- EXERCISE DIRECTIONS -
Every line below from the one containing "本次活动邀请社区太极拳队为在" through the one containing "It so happens" is to be printed exactly, with the pictures omitted.

- SUPPLIED RECORDS -
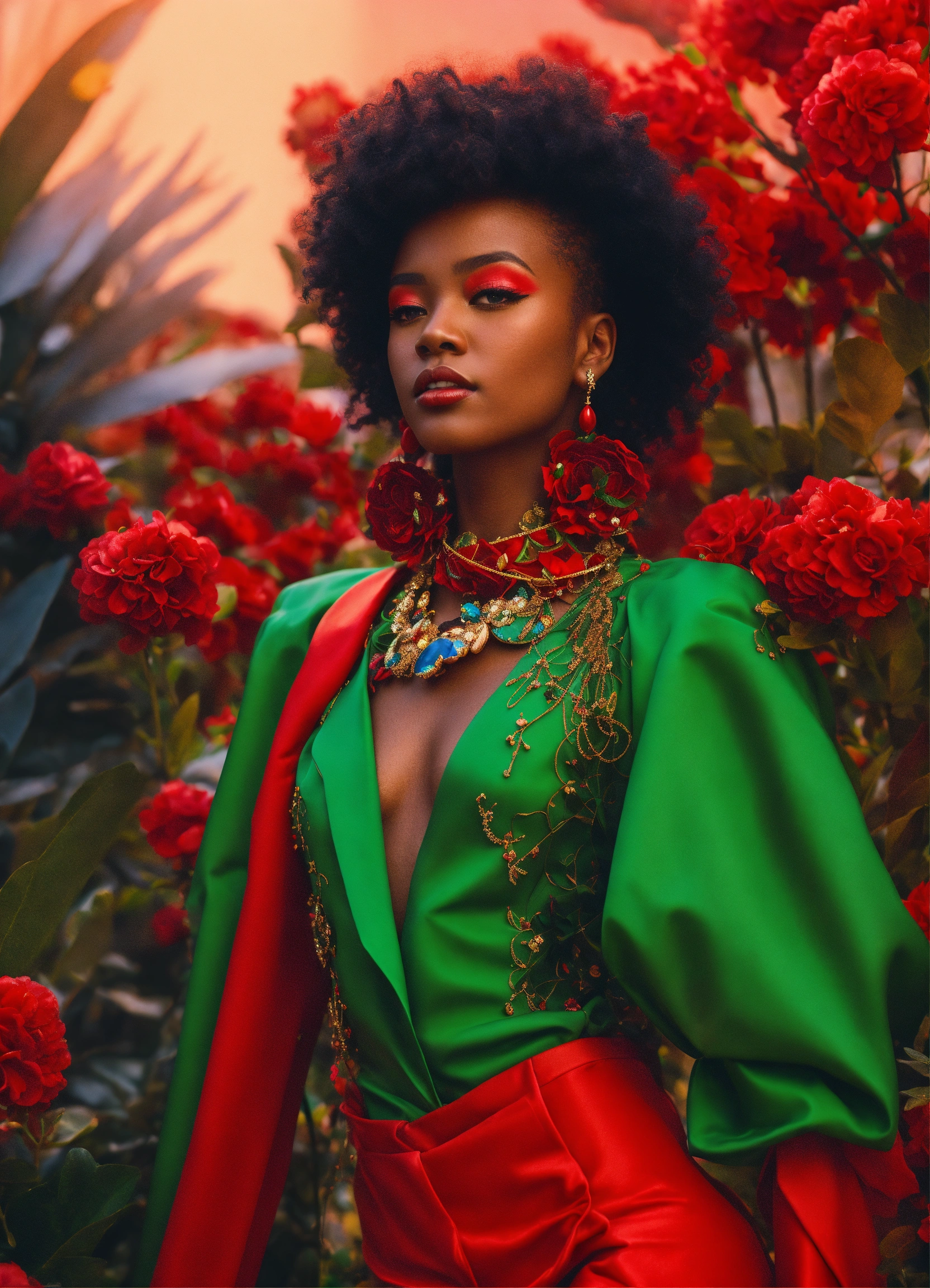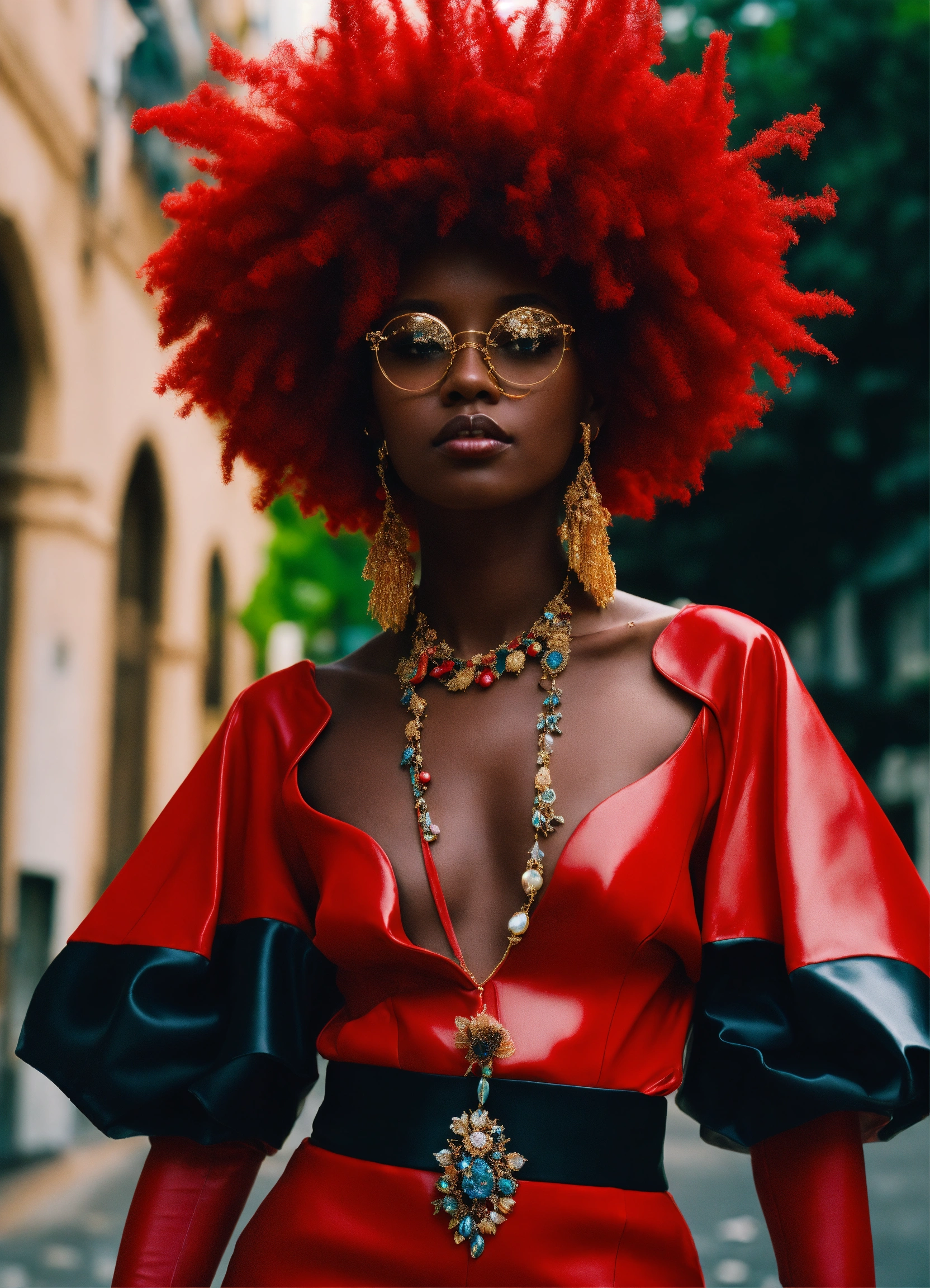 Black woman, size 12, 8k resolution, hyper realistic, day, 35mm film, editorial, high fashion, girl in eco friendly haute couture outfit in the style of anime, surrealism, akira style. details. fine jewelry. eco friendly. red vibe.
--
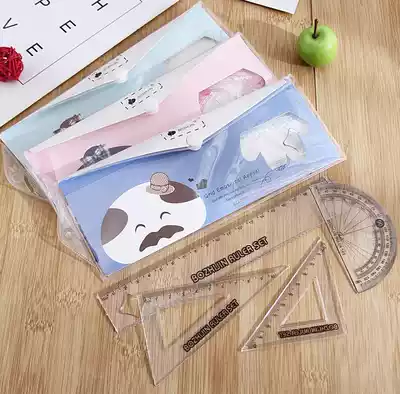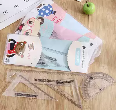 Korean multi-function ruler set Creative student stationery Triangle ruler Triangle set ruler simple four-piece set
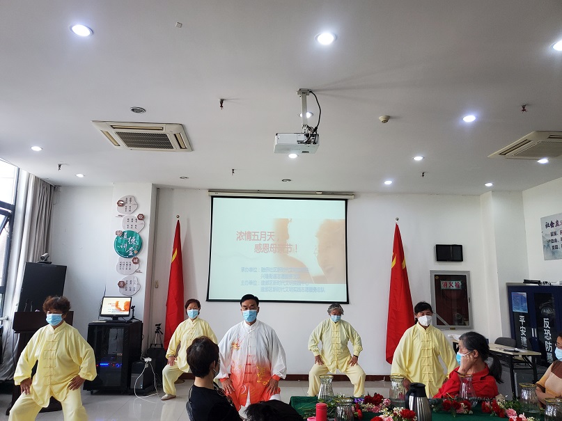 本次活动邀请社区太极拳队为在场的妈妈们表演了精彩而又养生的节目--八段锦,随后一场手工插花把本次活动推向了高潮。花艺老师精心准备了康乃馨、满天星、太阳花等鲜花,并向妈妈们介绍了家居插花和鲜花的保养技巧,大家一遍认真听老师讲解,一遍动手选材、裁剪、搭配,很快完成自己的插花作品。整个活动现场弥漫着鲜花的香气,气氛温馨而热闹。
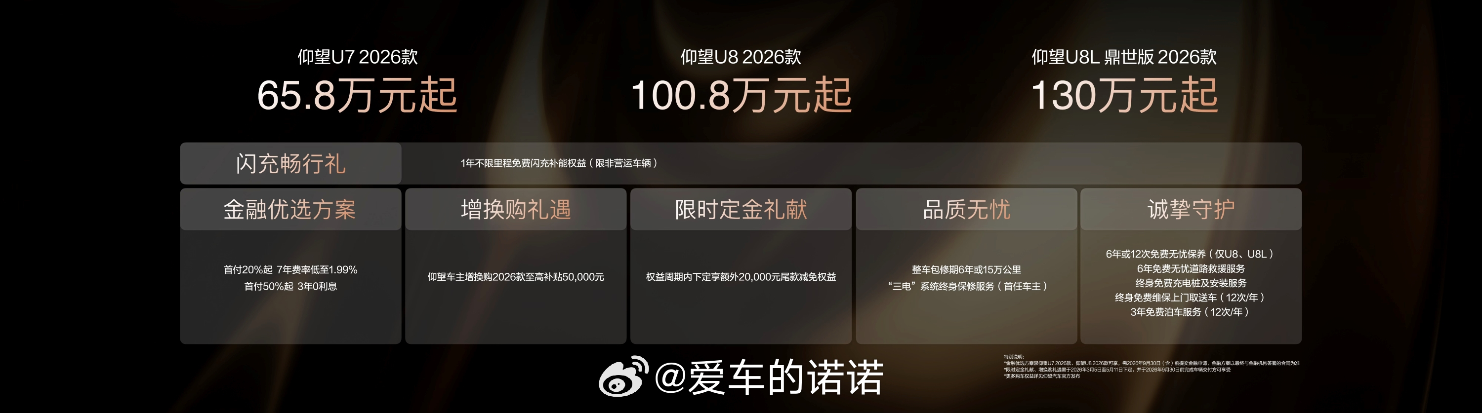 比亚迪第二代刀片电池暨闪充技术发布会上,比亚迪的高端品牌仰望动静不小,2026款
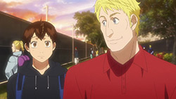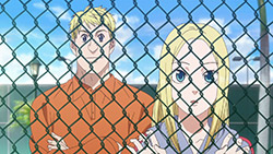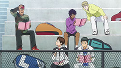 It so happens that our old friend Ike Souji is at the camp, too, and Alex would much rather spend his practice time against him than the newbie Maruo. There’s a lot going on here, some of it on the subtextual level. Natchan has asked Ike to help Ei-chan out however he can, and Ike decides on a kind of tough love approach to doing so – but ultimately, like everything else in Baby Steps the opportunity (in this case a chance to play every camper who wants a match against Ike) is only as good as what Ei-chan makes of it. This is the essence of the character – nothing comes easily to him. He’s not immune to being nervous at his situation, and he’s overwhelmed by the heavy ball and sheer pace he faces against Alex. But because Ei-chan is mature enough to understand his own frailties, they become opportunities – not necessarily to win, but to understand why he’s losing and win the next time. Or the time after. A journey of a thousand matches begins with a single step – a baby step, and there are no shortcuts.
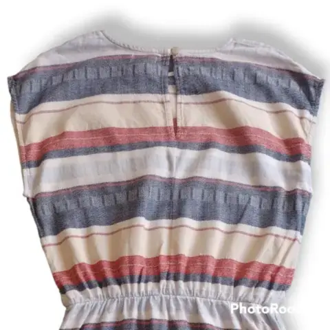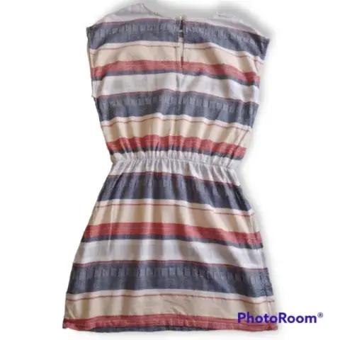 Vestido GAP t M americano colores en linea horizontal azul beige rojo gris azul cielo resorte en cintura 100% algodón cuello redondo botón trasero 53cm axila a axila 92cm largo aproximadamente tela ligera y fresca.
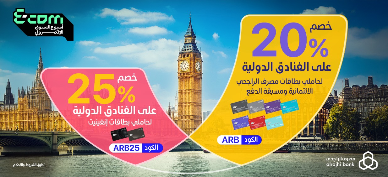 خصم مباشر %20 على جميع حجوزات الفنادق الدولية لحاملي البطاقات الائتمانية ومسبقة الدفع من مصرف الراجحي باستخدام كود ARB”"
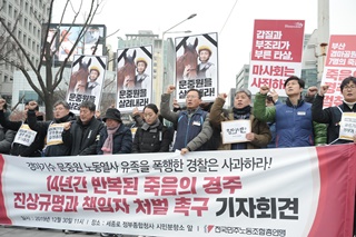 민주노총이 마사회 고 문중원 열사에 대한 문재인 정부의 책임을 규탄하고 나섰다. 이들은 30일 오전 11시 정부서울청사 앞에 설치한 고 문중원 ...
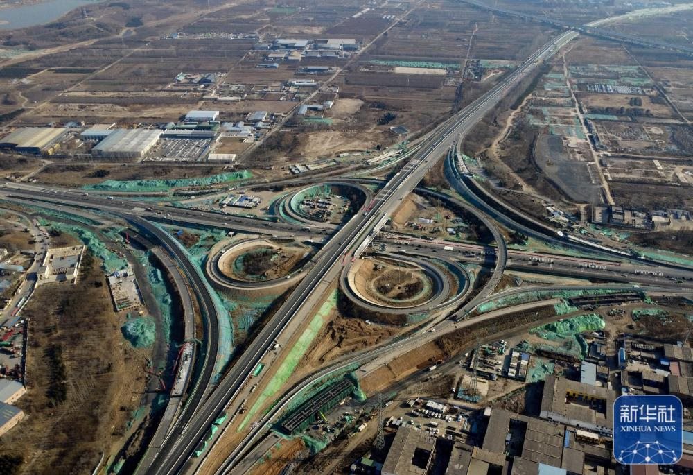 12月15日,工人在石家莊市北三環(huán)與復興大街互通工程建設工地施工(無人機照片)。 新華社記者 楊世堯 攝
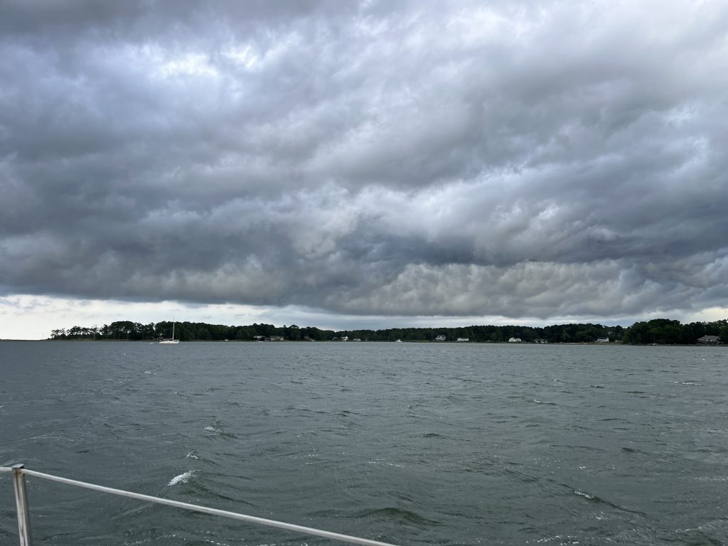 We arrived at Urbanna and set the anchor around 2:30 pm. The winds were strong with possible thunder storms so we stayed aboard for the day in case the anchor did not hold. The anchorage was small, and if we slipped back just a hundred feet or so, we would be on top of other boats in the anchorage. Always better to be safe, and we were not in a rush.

- RESULT OF THE EXERCISE -
 本次活动邀请社区太极拳队为在场的妈妈们表演了精彩而又养生的节目--八段锦,随后一场手工插花把本次活动推向了高潮。花艺老师精心准备了康乃馨、满天星、太阳花等鲜花,并向妈妈们介绍了家居插花和鲜花的保养技巧,大家一遍认真听老师讲解,一遍动手选材、裁剪、搭配,很快完成自己的插花作品。整个活动现场弥漫着鲜花的香气,气氛温馨而热闹。
 比亚迪第二代刀片电池暨闪充技术发布会上,比亚迪的高端品牌仰望动静不小,2026款
 It so happens that our old friend Ike Souji is at the camp, too, and Alex would much rather spend his practice time against him than the newbie Maruo. There’s a lot going on here, some of it on the subtextual level. Natchan has asked Ike to help Ei-chan out however he can, and Ike decides on a kind of tough love approach to doing so – but ultimately, like everything else in Baby Steps the opportunity (in this case a chance to play every camper who wants a match against Ike) is only as good as what Ei-chan makes of it. This is the essence of the character – nothing comes easily to him. He’s not immune to being nervous at his situation, and he’s overwhelmed by the heavy ball and sheer pace he faces against Alex. But because Ei-chan is mature enough to understand his own frailties, they become opportunities – not necessarily to win, but to understand why he’s losing and win the next time. Or the time after. A journey of a thousand matches begins with a single step – a baby step, and there are no shortcuts.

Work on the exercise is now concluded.